立政殿
与东宫和两仪殿的紧张压抑不同,皇后寝宫之内,燃着安神的苏合香,灯火柔和,透着一股静谧。然而,这静谧之下,却同样暗流涌动。
长孙皇后卸去了白日繁复的钗环礼服,只穿着一袭素雅的月白常服,坐在妆台前,任由贴身宫女为她梳理着长发。
铜镜中映出的容颜,依旧端庄秀美,但眉宇间那抹挥之不去的忧色,以及眼底淡淡的倦意,却泄露了她内心的不平静。
她身后的凤榻上,李世民和衣而卧,双手枕在脑后,望着绣着龙凤呈祥的帐顶,双目无神,同样是一脸疲惫与烦躁。
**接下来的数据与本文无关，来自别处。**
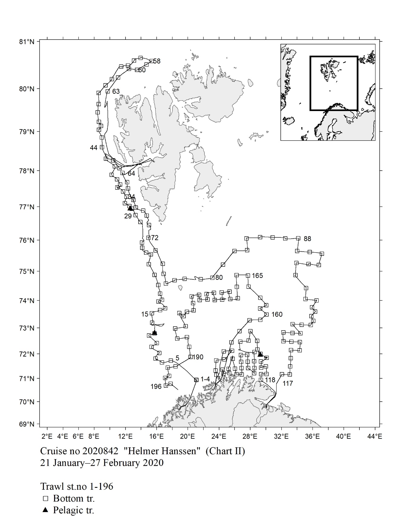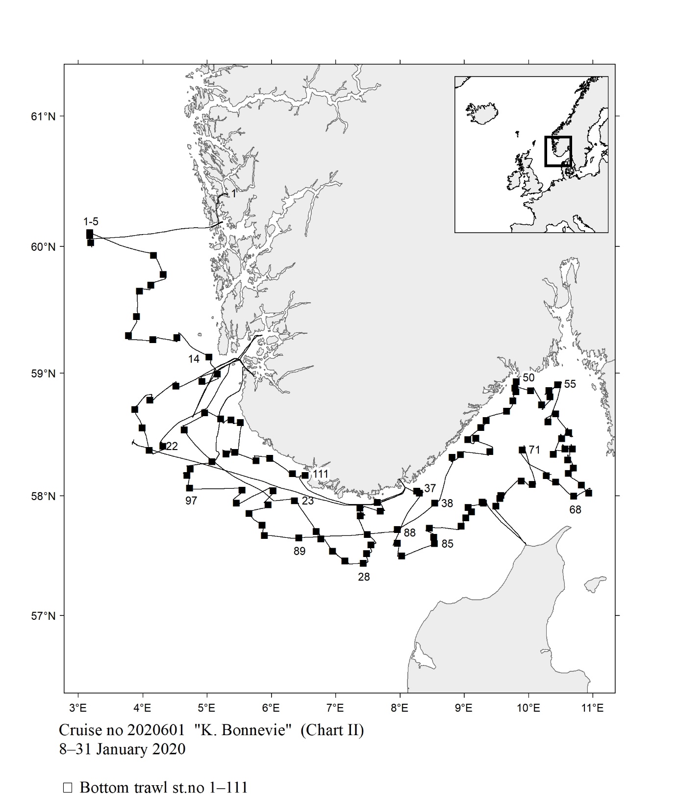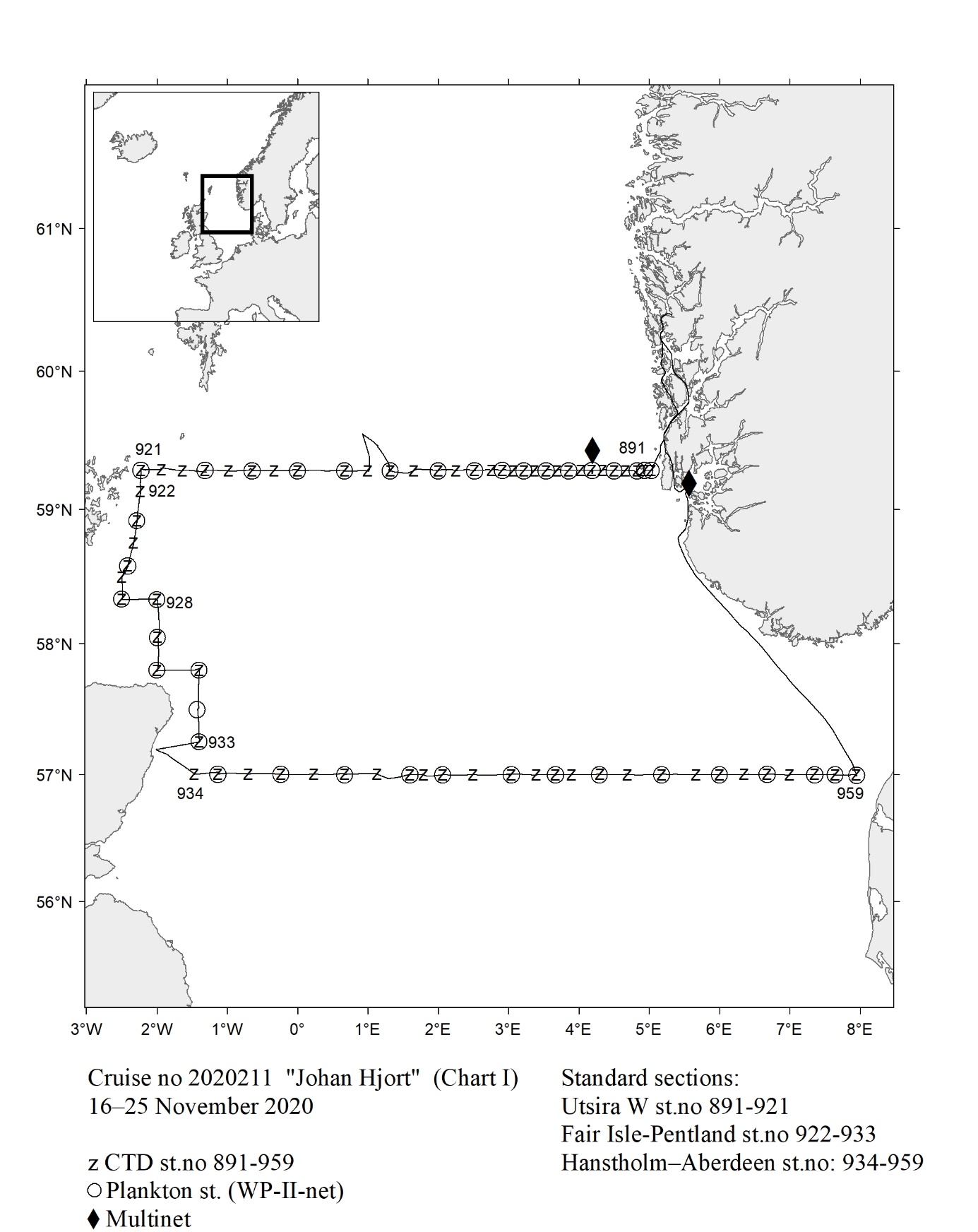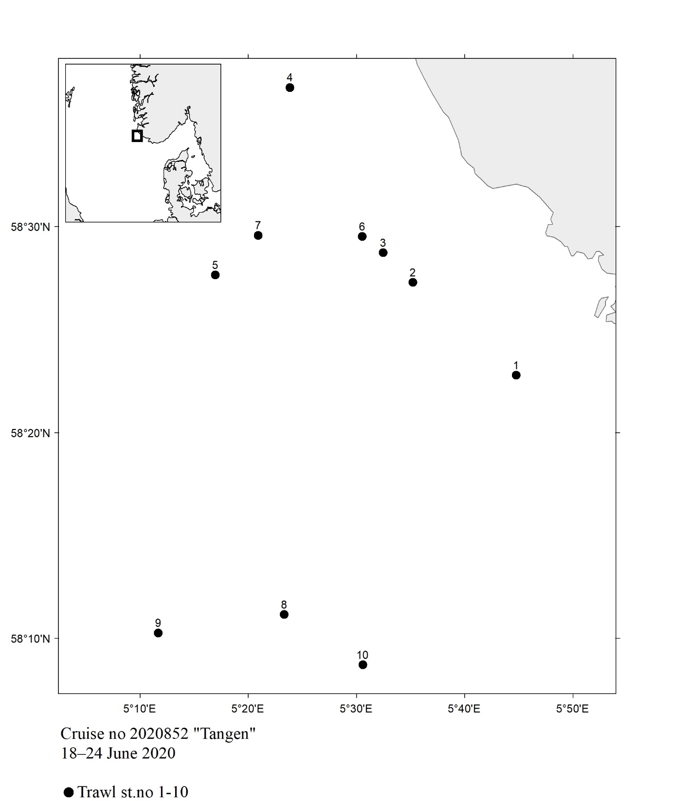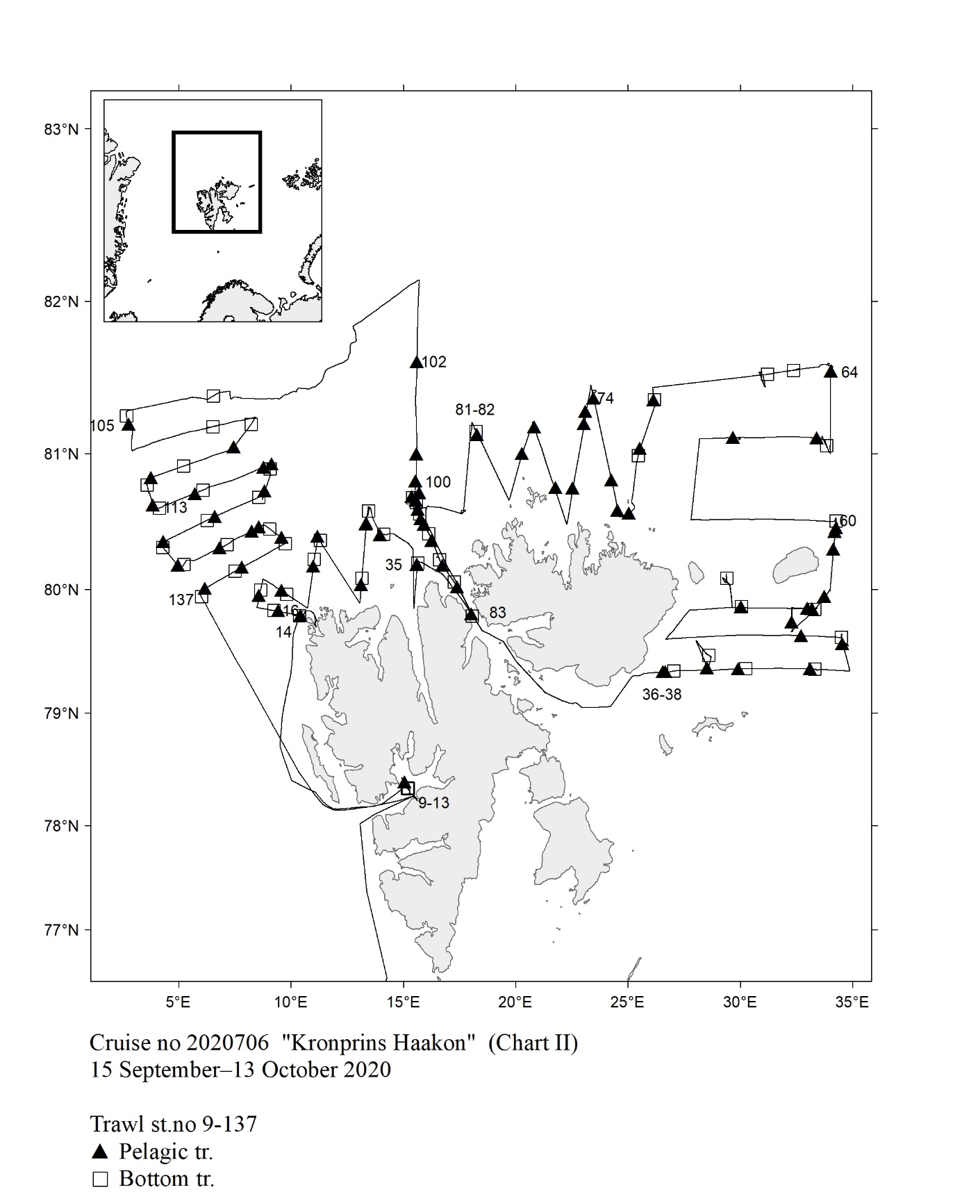 1 - Charts overview 2020 – Ctd stations and trawl stations.

方才,他从那场秘密而沉闷的小朝会回来,心中的郁结非但没有解开,反而更加沉重。
房玄龄、杜如晦老成持重,分析了诸多利弊,结论却是模糊两可,无非“战则有险,和则有辱”。
高士廉态度暧昧。魏征倒是依旧直言,但话里话外还是倾向于“暂避锋芒,徐图后计”。而长孙无忌……虽然极力主战,言辞激昂,但李世民如何听不出他话语中那强烈的自保意味?
说到底,没有一个人能拿出真正可行的、既能保住朝廷颜面又不至于玉石俱焚的办法。
“唉……”李世民忍不住长长叹了口气。
这声叹息,让正在梳头的长孙皇后手微微一颤。她从镜中看着丈夫那憔悴的面容,心中一阵刺痛。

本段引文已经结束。